News How To Find Large Files on Linux

I was wondering what would be the best way to list the most dense folder, in terms of disk occupation. I had already a situation where an application was (wrongly) creating thousands of small files, and it was hard to find out the disk space's offender.
 
I was wondering what would be the best way to list the most dense folder, in terms of disk occupation. I had already a situation where an application was (wrongly) creating thousands of small files, and it was hard to find out the disk space's offender.

Suggestion
  • cd to a directory you have access to.
  • run:
find . -maxdepth 1 -type d -print0 | xargs -0 -I {} sh -c 'echo $(find "{}" -printf "\n" | wc -l) "{}"' | sort -nr | head -n 10

This return the top 10 folders with the most files (not necessarily the biggest folders in size).

Example

domih@trx:~$ find . -maxdepth 1 -type d -print0 | xargs -0 -I {} sh -c 'echo $(find "{}" -printf "\n" | wc -l) "{}"' | sort -nr | head -n 10
257681 .
86846 ./.cache
26093 ./.mozilla
19392 ./.config
18697 ./.phoronix-test-suite
15151 ./.gradle
13930 ./clion-2021.3.4
13289 ./.local
10035 ./.cargo
5962 ./.wine

Ref: https://stackoverflow.com/questions/9157138/recursively-counting-files-in-a-linux-directory

Otherwise to manually peruse through a file system:


Alternatively, use ncdu which is more useful than the GUI-based Disk Usage Analyzer (baobab):

sudo apt install ncdu
# Go to the directory you want to analyze or pass the directory path as parameter
ncdu ~
# Read the ncdu man page to look at all the options and commands.

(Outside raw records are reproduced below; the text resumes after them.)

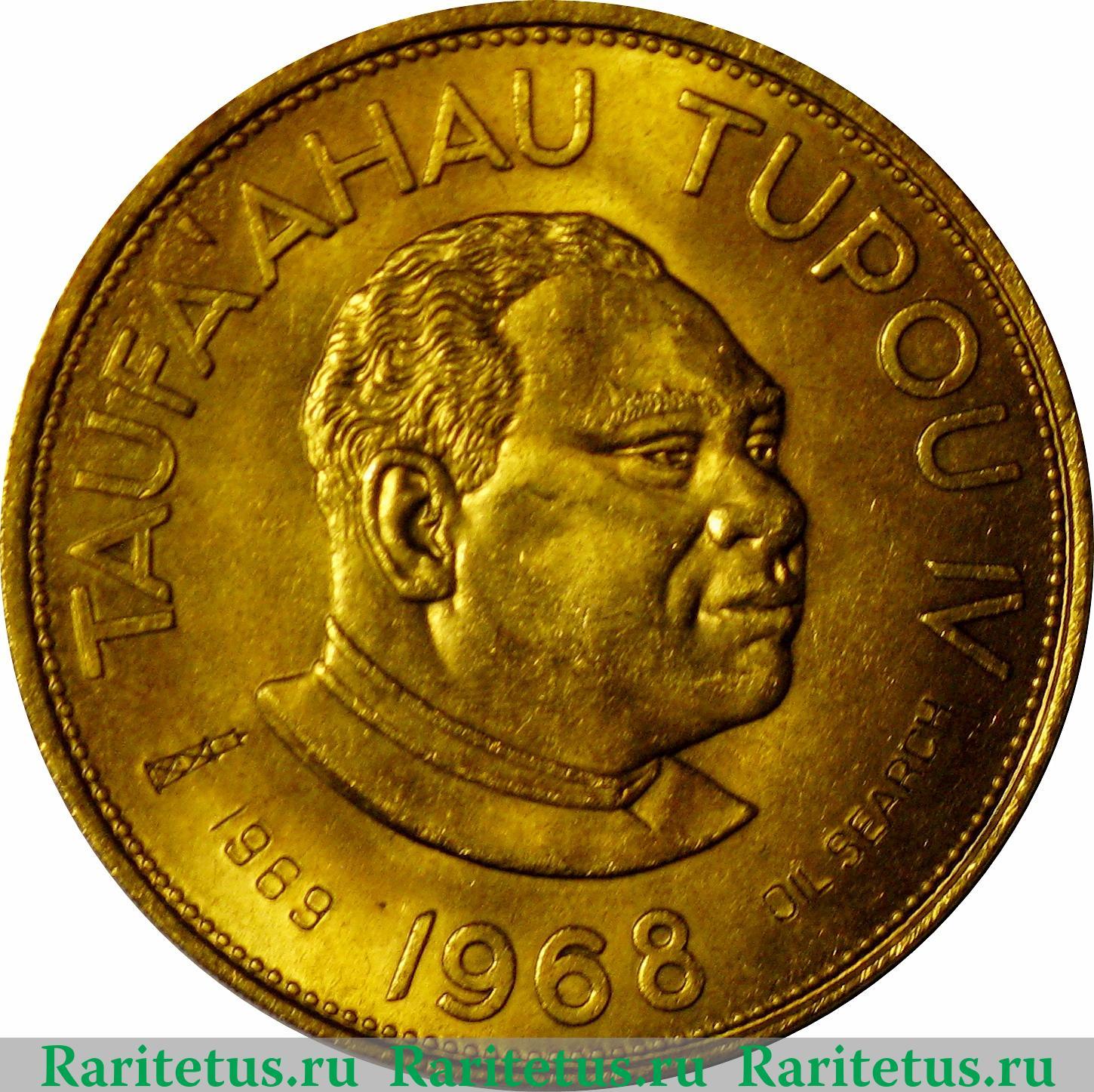 В центре изображён профильный портрет вправо короля Тонга Тауфа'ахау Тупоу IV. Сверху вдоль канта надпись на тонганском языке: "TAUFA'AHAU TUPOU IV" - "ТАУФА'АХАУ ТУПОУ IV", слева изображение вышки и дата: "1969", справа на английском: "OIL SEARCH" - "ПОИСК НЕФТИ", снизу: "1968" - год выпуска. По краям канта расположены рельефные элементы в виде зубцов.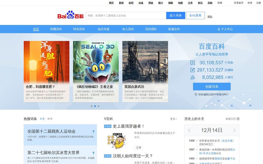 百度百科是由百度公司运营的中文在线百科全书,采用“众人参与、协作编辑、权威把关”的模式,面向普通用户、学者和机构开放内容创作与编辑权限。平台目标是“让人类平等地认知世界”,既包容泛知识普及,也兼顾专业性与权威性,覆盖历史、科学、艺术、地理、人物、企业等海量条目与专题内容。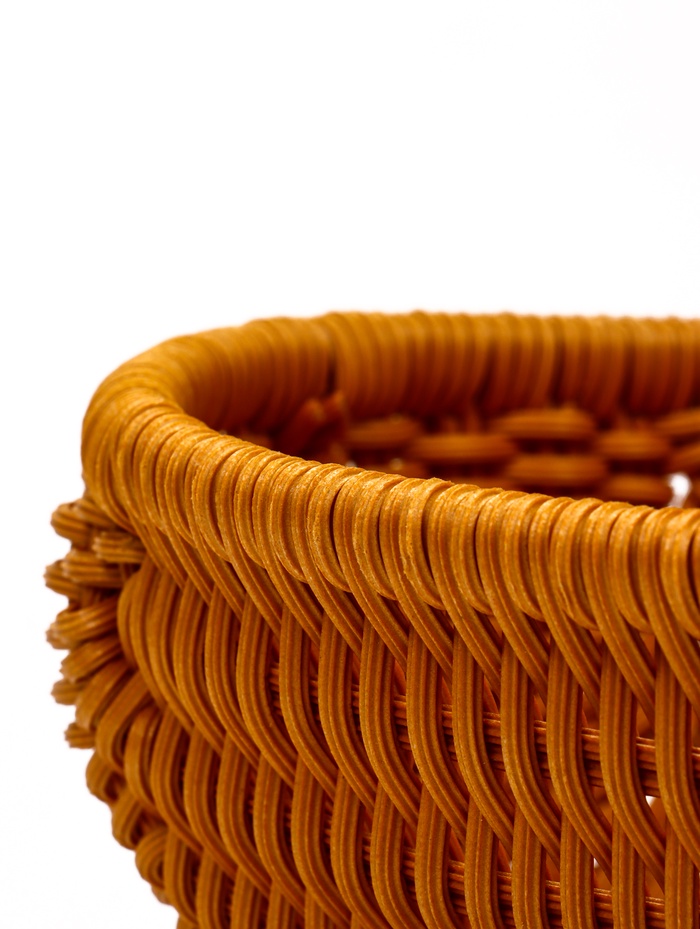 - Надёжность пластикового плетения: материал имитирует фактуру натуральной лозы, сохраняя лёгкость и долговечность. За корзиной легко ухаживать, она подходит для помещений с разным уровнем влажности.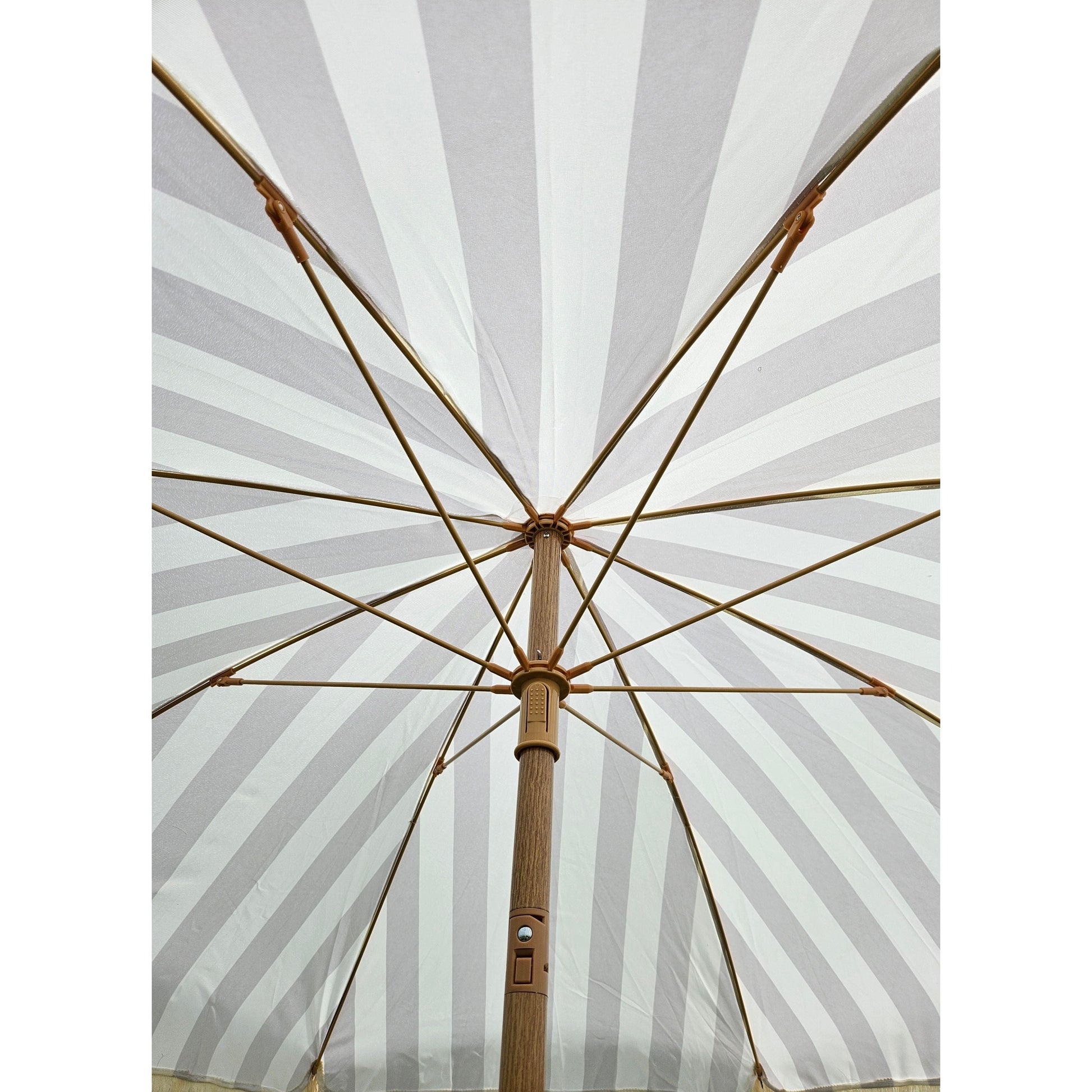 Schöner runder Sonnenschirm mit UV-Schutz 30+ und Fransen. Ideal für den Strand, im Garten und auf dem Balkon.

Ref: comment in https://www.tomshardware.com/how-to/check-disk-usage-linux
 
Last edited:
I was wondering what would be the best way to list the most dense folder, in terms of disk occupation. I had already a situation where an application was (wrongly) creating thousands of small files, and it was hard to find out the disk space's offender.

One thing that I tend to do in these circumstances -- which I don't have time to flesh out right now -- is to take a snapshot of whatever it is I'm looking at (in your case, directories), then take another look, say, 20 seconds later, and see which one has the biggest delta -- e.g., in your case, the most files created in that interval.